Please restate the records below verbatim, omitting every image they hold.
· · · · · · ·
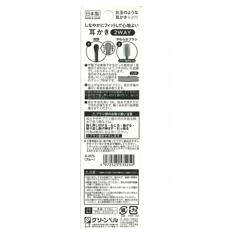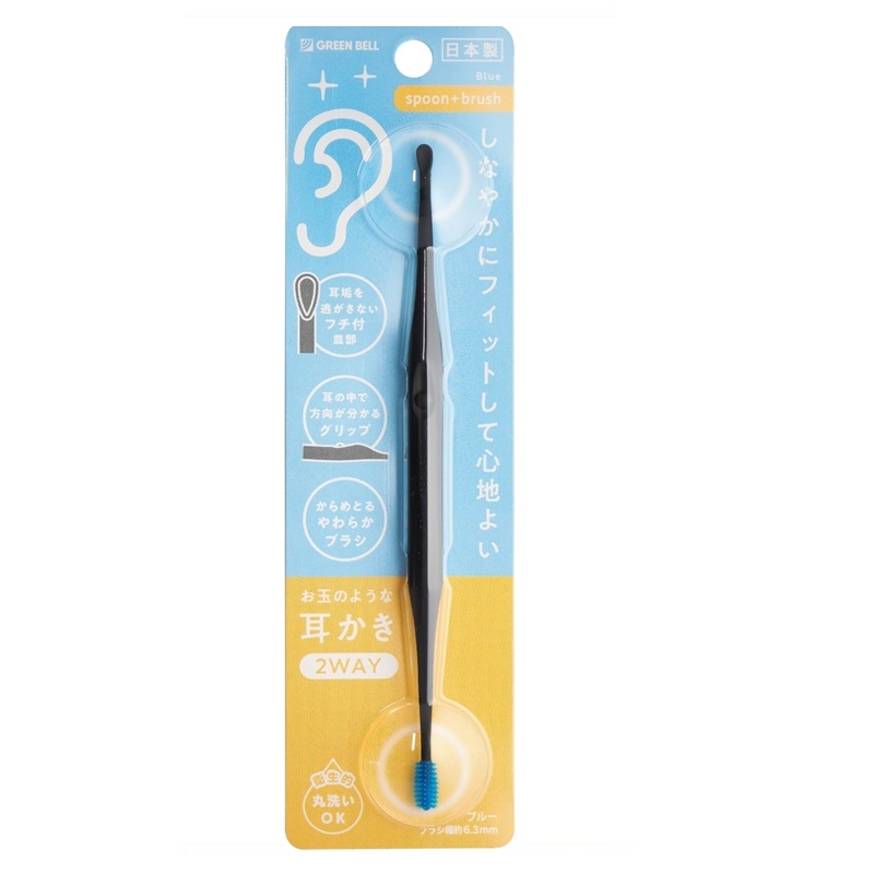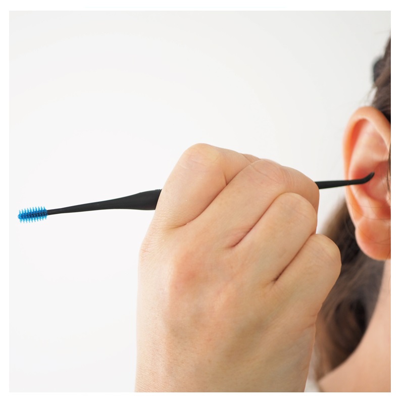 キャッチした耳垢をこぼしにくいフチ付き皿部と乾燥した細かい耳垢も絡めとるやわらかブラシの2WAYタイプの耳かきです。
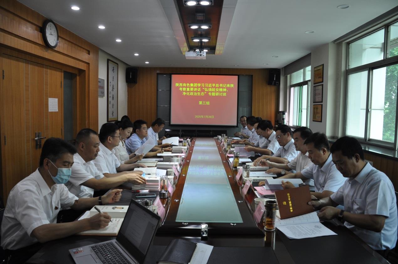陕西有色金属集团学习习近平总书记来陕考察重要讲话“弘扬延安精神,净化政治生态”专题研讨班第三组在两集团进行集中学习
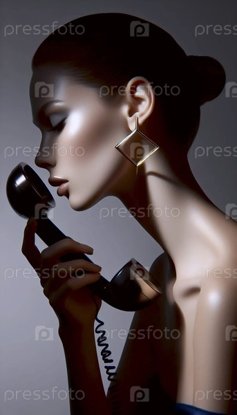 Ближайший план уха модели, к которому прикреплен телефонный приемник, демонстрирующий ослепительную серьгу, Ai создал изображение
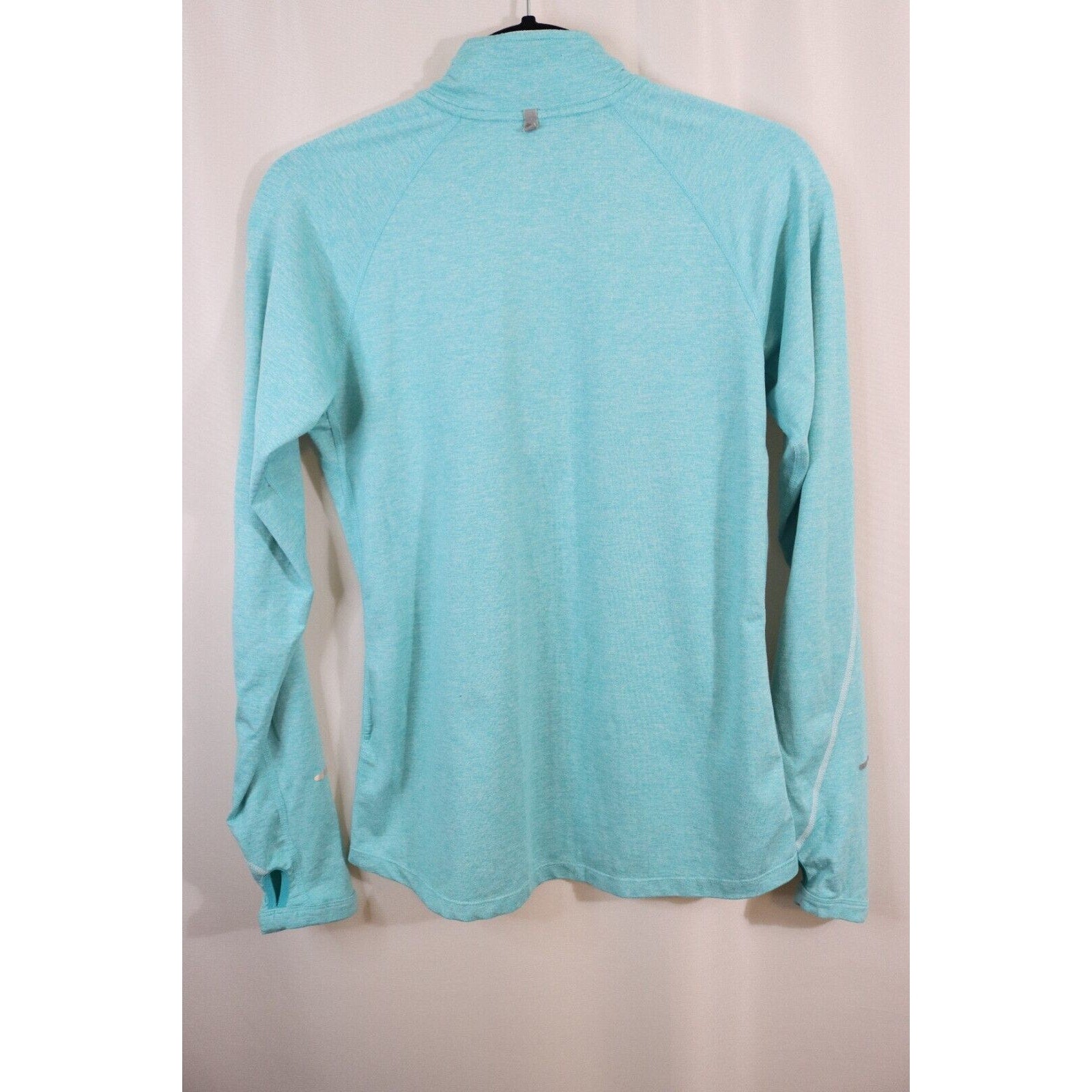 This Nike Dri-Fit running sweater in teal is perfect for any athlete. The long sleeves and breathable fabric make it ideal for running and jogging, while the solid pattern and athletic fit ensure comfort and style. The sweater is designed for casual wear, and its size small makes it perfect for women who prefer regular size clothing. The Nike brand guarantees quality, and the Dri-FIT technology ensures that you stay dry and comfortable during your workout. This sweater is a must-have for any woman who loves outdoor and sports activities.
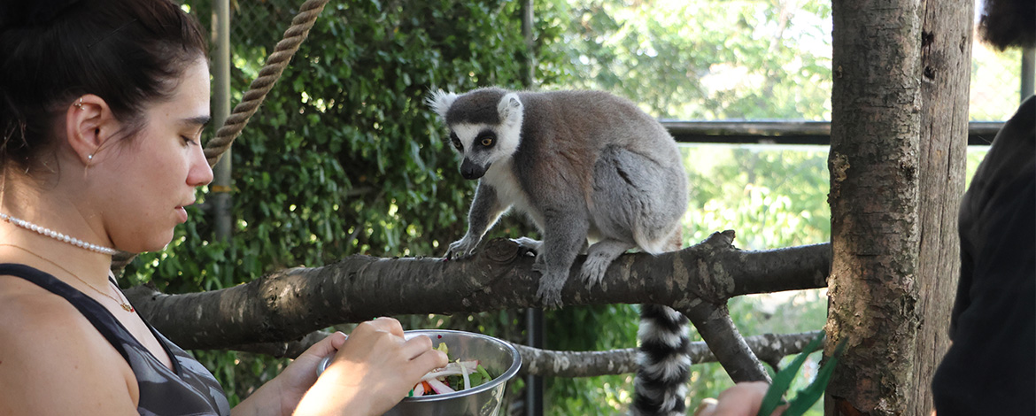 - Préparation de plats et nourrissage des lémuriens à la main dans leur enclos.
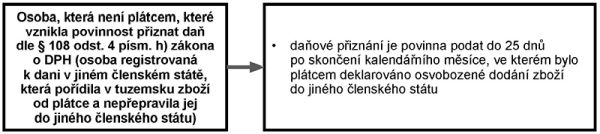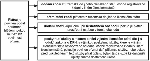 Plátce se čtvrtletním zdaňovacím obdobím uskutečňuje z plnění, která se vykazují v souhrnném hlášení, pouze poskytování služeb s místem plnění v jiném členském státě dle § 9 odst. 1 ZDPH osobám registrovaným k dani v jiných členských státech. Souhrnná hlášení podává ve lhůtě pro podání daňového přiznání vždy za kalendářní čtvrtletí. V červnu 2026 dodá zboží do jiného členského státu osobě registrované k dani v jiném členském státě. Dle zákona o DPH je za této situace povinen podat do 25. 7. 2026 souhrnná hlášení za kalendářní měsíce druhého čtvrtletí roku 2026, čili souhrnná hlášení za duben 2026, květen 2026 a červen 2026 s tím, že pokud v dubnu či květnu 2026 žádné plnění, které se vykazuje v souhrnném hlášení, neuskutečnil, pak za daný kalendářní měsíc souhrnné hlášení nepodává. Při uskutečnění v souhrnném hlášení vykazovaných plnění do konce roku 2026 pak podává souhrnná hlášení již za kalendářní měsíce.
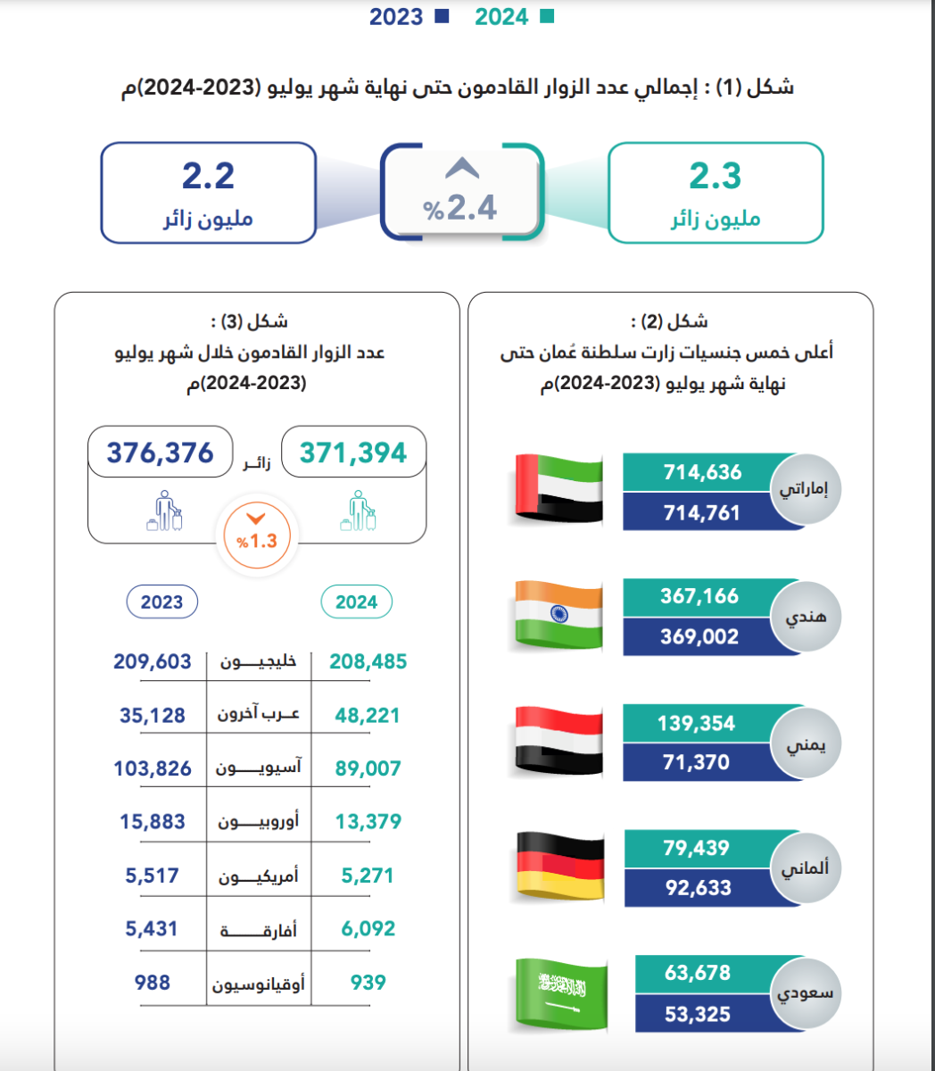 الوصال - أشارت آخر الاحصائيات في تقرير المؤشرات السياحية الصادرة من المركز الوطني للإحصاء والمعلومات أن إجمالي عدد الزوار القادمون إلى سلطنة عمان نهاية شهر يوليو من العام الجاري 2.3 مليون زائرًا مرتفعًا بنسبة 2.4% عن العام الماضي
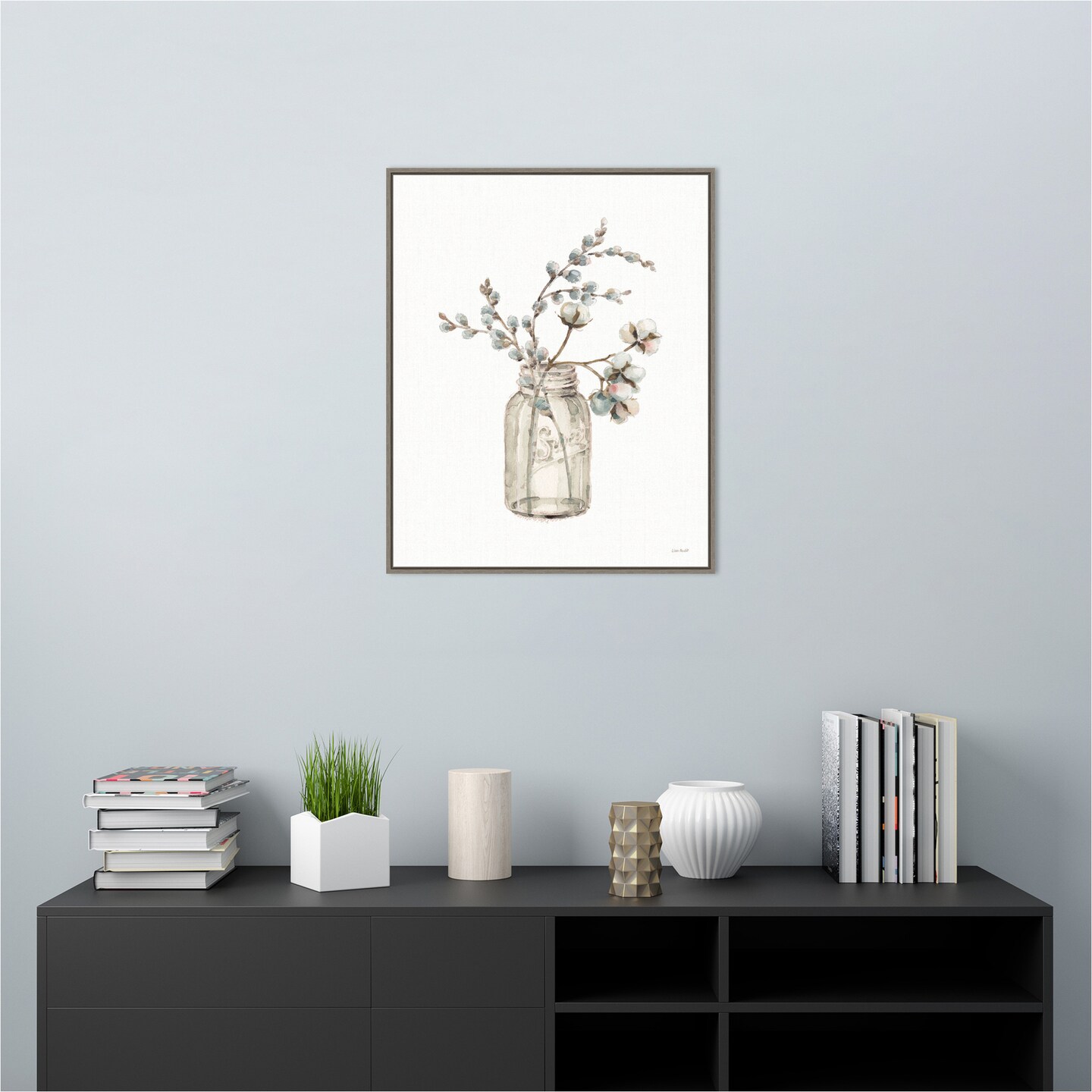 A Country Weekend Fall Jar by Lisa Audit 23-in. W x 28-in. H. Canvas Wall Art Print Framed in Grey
· · · · · · ·
Solution to this exercise ▸
 キャッチした耳垢をこぼしにくいフチ付き皿部と乾燥した細かい耳垢も絡めとるやわらかブラシの2WAYタイプの耳かきです。
陕西有色金属集团学习习近平总书记来陕考察重要讲话“弘扬延安精神,净化政治生态”专题研讨班第三组在两集团进行集中学习
 Ближайший план уха модели, к которому прикреплен телефонный приемник, демонстрирующий ослепительную серьгу, Ai создал изображение
 This Nike Dri-Fit running sweater in teal is perfect for any athlete. The long sleeves and breathable fabric make it ideal for running and jogging, while the solid pattern and athletic fit ensure comfort and style. The sweater is designed for casual wear, and its size small makes it perfect for women who prefer regular size clothing. The Nike brand guarantees quality, and the Dri-FIT technology ensures that you stay dry and comfortable during your workout. This sweater is a must-have for any woman who loves outdoor and sports activities.
 - Préparation de plats et nourrissage des lémuriens à la main dans leur enclos.
 Plátce se čtvrtletním zdaňovacím obdobím uskutečňuje z plnění, která se vykazují v souhrnném hlášení, pouze poskytování služeb s místem plnění v jiném členském státě dle § 9 odst. 1 ZDPH osobám registrovaným k dani v jiných členských státech. Souhrnná hlášení podává ve lhůtě pro podání daňového přiznání vždy za kalendářní čtvrtletí. V červnu 2026 dodá zboží do jiného členského státu osobě registrované k dani v jiném členském státě. Dle zákona o DPH je za této situace povinen podat do 25. 7. 2026 souhrnná hlášení za kalendářní měsíce druhého čtvrtletí roku 2026, čili souhrnná hlášení za duben 2026, květen 2026 a červen 2026 s tím, že pokud v dubnu či květnu 2026 žádné plnění, které se vykazuje v souhrnném hlášení, neuskutečnil, pak za daný kalendářní měsíc souhrnné hlášení nepodává. Při uskutečnění v souhrnném hlášení vykazovaných plnění do konce roku 2026 pak podává souhrnná hlášení již za kalendářní měsíce.
 الوصال - أشارت آخر الاحصائيات في تقرير المؤشرات السياحية الصادرة من المركز الوطني للإحصاء والمعلومات أن إجمالي عدد الزوار القادمون إلى سلطنة عمان نهاية شهر يوليو من العام الجاري 2.3 مليون زائرًا مرتفعًا بنسبة 2.4% عن العام الماضي
 A Country Weekend Fall Jar by Lisa Audit 23-in. W x 28-in. H. Canvas Wall Art Print Framed in Grey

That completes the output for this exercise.